Exercise brief
All entries should be output exactly as they stand.

Given data
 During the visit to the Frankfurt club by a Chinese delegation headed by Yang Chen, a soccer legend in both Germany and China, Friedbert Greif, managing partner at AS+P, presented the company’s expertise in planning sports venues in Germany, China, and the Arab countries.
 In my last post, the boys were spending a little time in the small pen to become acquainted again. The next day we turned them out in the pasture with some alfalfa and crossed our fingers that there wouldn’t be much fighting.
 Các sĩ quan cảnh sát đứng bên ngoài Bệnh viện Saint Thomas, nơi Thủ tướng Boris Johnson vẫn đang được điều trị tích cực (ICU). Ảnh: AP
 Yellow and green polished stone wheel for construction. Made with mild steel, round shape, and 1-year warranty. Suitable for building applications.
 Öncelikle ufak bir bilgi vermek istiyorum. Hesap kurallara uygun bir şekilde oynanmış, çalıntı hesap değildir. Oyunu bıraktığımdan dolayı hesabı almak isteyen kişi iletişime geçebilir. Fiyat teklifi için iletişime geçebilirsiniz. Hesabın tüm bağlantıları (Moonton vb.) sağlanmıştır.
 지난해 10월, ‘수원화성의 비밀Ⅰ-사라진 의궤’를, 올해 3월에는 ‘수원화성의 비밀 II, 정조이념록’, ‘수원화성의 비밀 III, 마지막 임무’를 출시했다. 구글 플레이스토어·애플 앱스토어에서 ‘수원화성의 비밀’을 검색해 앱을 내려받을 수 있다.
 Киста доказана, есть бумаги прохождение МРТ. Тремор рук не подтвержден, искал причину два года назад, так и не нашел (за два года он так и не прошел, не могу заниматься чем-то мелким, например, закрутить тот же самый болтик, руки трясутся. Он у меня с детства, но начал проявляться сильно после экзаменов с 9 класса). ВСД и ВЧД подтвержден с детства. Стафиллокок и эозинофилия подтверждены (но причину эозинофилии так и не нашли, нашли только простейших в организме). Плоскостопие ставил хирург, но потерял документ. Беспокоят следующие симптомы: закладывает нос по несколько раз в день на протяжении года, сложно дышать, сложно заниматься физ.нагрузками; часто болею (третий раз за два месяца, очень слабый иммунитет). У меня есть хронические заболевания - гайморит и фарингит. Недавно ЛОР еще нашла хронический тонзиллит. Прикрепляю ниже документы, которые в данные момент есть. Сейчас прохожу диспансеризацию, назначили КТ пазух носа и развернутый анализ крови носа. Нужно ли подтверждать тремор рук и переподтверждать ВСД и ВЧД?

Task response
 During the visit to the Frankfurt club by a Chinese delegation headed by Yang Chen, a soccer legend in both Germany and China, Friedbert Greif, managing partner at AS+P, presented the company’s expertise in planning sports venues in Germany, China, and the Arab countries.
 In my last post, the boys were spending a little time in the small pen to become acquainted again. The next day we turned them out in the pasture with some alfalfa and crossed our fingers that there wouldn’t be much fighting.
 Các sĩ quan cảnh sát đứng bên ngoài Bệnh viện Saint Thomas, nơi Thủ tướng Boris Johnson vẫn đang được điều trị tích cực (ICU). Ảnh: AP
 Yellow and green polished stone wheel for construction. Made with mild steel, round shape, and 1-year warranty. Suitable for building applications.
 Öncelikle ufak bir bilgi vermek istiyorum. Hesap kurallara uygun bir şekilde oynanmış, çalıntı hesap değildir. Oyunu bıraktığımdan dolayı hesabı almak isteyen kişi iletişime geçebilir. Fiyat teklifi için iletişime geçebilirsiniz. Hesabın tüm bağlantıları (Moonton vb.) sağlanmıştır.
 지난해 10월, ‘수원화성의 비밀Ⅰ-사라진 의궤’를, 올해 3월에는 ‘수원화성의 비밀 II, 정조이념록’, ‘수원화성의 비밀 III, 마지막 임무’를 출시했다. 구글 플레이스토어·애플 앱스토어에서 ‘수원화성의 비밀’을 검색해 앱을 내려받을 수 있다.
 Киста доказана, есть бумаги прохождение МРТ. Тремор рук не подтвержден, искал причину два года назад, так и не нашел (за два года он так и не прошел, не могу заниматься чем-то мелким, например, закрутить тот же самый болтик, руки трясутся. Он у меня с детства, но начал проявляться сильно после экзаменов с 9 класса). ВСД и ВЧД подтвержден с детства. Стафиллокок и эозинофилия подтверждены (но причину эозинофилии так и не нашли, нашли только простейших в организме). Плоскостопие ставил хирург, но потерял документ. Беспокоят следующие симптомы: закладывает нос по несколько раз в день на протяжении года, сложно дышать, сложно заниматься физ.нагрузками; часто болею (третий раз за два месяца, очень слабый иммунитет). У меня есть хронические заболевания - гайморит и фарингит. Недавно ЛОР еще нашла хронический тонзиллит. Прикрепляю ниже документы, которые в данные момент есть. Сейчас прохожу диспансеризацию, назначили КТ пазух носа и развернутый анализ крови носа. Нужно ли подтверждать тремор рук и переподтверждать ВСД и ВЧД?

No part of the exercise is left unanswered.